Working on projects and having the finished product in my hands is not what brings me happiness; it merely staves off misery. It fills a void in my life that was agonizing up to that point. My theory is that if your goal is to avoid misery and despair at any cost, and have the means to do so, you can be driven out of desperation to accomplish substantial things. Other people could see what I did and make their own guesses as to what it took. But really I was only trying to prevent myself from becoming undone. It was simply too irritating of a problem for me to leave alone. I'll probably never be able to fully explain why. It certainly wasn't because I was trying to prove something to other people.

But I'm only speaking from my personal experience. It's not like I actually understand why the author did what he did. People just don't seem to know at the moment, and maybe that's where the air of sadness over suddenly seeing this accomplishment come out of nowhere originates. There's nothing to counterbalance the impact of learning of its existence within a split second with what actually went on behind the scenes for many orders of magnitude longer.

Why is the only world where OP created this project one of great sacrifice? You mention the code quality; is it not possible OP is simply highly talented from years on the job and this product actually didn't require polish and refinement constantly, OP simply is a better programmer than most?

Your post has a sad undertone, one that it feels like you are trying to apply to OP in order to justify not achieving the heights others have. Some people are insanely good at things. Most people are barely good at anything. Don't think of OP as a bastion of despair, reframe the project as an achievement and I believe you will feel better.

I don't think what I've done for the last three and a half years has made me happier than working on a big project would have, and I have much less to show for it.

I'm not feeling less discouraged.

Well, now you have a data point. Will you use this reflection to shape the next three and a half years?
I honestly don't know what you're suggesting. A data point isn't motivation, and there is no real way to convert it. This isn't something that can be resolved by making a decision.

It's not that I worked on the wrong project, it's that most months I worked on no project.

I feel like that's pretty normal but it's still bad. I could be just as happy and make more nice things.

What I'm saying, or more appropriately asking, is whether your impression with the OP's project is inspiring you to change your actions in the future towards being impressed with yourself in similar ways.

> It's not that I worked on the wrong project, it's that most months I worked on no project.

Will you start working on projects in future months?

> What I'm saying, or more appropriately asking, is whether your impression with the OP's project is inspiring you to change your actions in the future towards being impressed with yourself in similar ways.

It doesn't seem to be.

So if I take your advice and imagine what I could accomplish... that just makes the feelings of discouragement worse.

You listed two things to keep in mind. For me the first one actively makes the negative feelings worse and the second one doesn't really apply.

> So if I take your advice and imagine what I could accomplish... that just makes the feelings of discouragement worse.

That's a good point, and I didn't take a healthy perspective on it. Imagining what we can accomplish in a long span of time can be distressing. The road ahead always appears longer than the road behind; that's why it's so easy to look at the accomplishments of others with awe and then look towards our own intentions and feel anxiety.
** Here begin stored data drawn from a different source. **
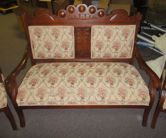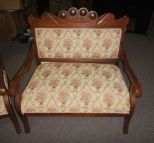3 pcs. Eastlake Parlor Set; chair, settee, bussle bench, oak 3 pcs. Eastlake Parlor Set; chair, settee, bussle bench, oak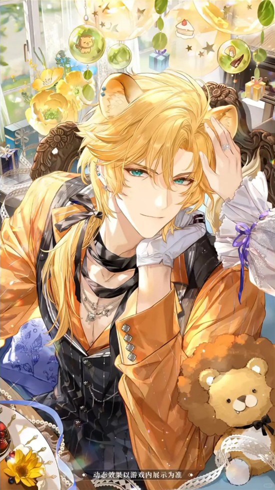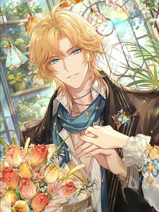 白马额革缀满鲜花,跃动的明黄与他发梢流淌的金芒交织呼应。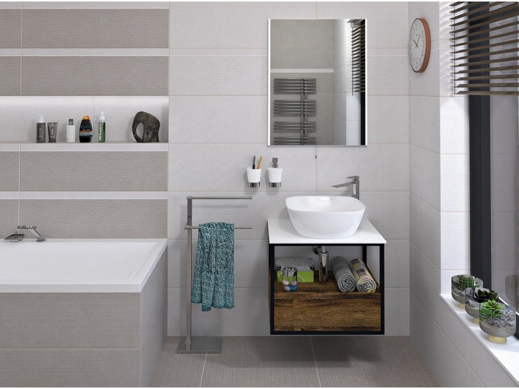 Konstrukce ze série SKARA jsou vhodné do koupelen zařizovaných v moderním i industriálním stylu. Skvěle je doplní vysoká skříňka SKARA ve stejném dekoru nebo skříňky a zrcadla TREOS s rámem v dřevěném dekoru. Perfektní je i kombinace s podsvíceným zrcadlem SORT v černém hliníkovém rámu.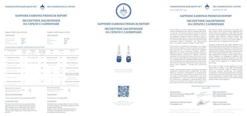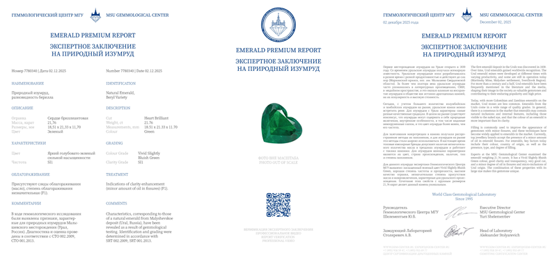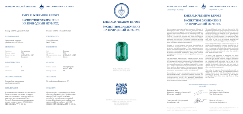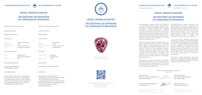 Premium Report (Премиальное экспертное заключение) – документ особого уровня, который лаборатория Геммологического Центра МГУ выдаёт камням, представляющим исключительную геммологическую и рыночную ценность. Это расширенный аналитический и визуальный формат представления камня для коммерческих, инвестиционных и презентационных задач.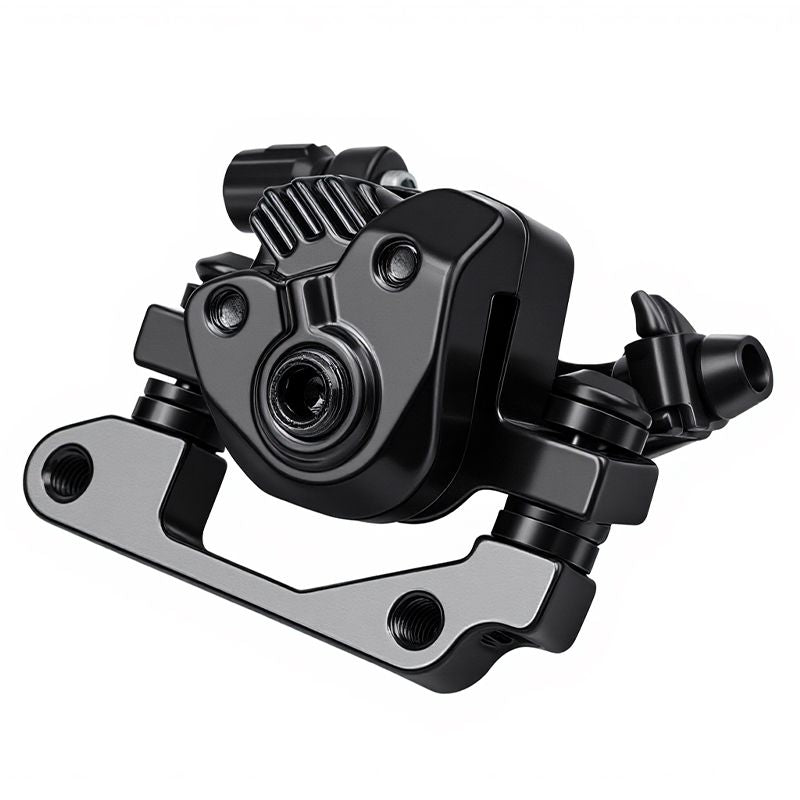 The brake calipers for TODIMART adult e-scooters are located on one side of each wheel, front and rear. The calipers come with brake pads, eliminating the need to purchase them separately. The function of the brake calipers is to stop the e-scooter. The brake signal is transmitted via brake cable from the electronic or hydraulic brake lever to the calipers, causing them to react and stop the e-scooter. This ensures rider safety.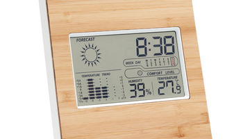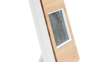 Bambusowy termometr wielofunkcyjny. Zawiera zegar, wyświetlacz temperatury, wilgotności i kalendarz. 2 baterie AAA nie wchodzą w skład zestawu.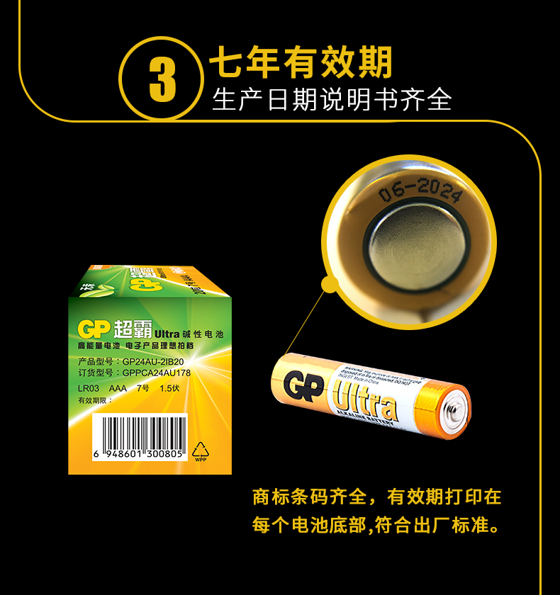 GP/超霸的电池超霸碱性电池,GP24AU-2IB204节/卡单位:卡
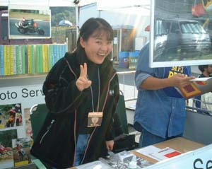 みくろさんです。今日は、写真屋さんのお手伝いに出動してこられました。 サーキットを走るアマチュアライダーの写真を撮影し、販売しています。 拡大のサービス等も行っているようです。 |

A better approach is to not imagine what we could accomplish in three and a half years, and instead just dedicate the next three and a half years to doing the things that make us happy and pleased with what we're building. Projecting our intentions can be daunting, but taking one day to do a bit of code or design is not a big step. And doing it again the next day is no bigger a step. Taking it each day at a time, and taking care to enjoy each of those days at a time, is key to keeping our motivations high. And then some day we look back and realize just how long we've been crafting our craft, and how far it's come. But it all starts with one day's work.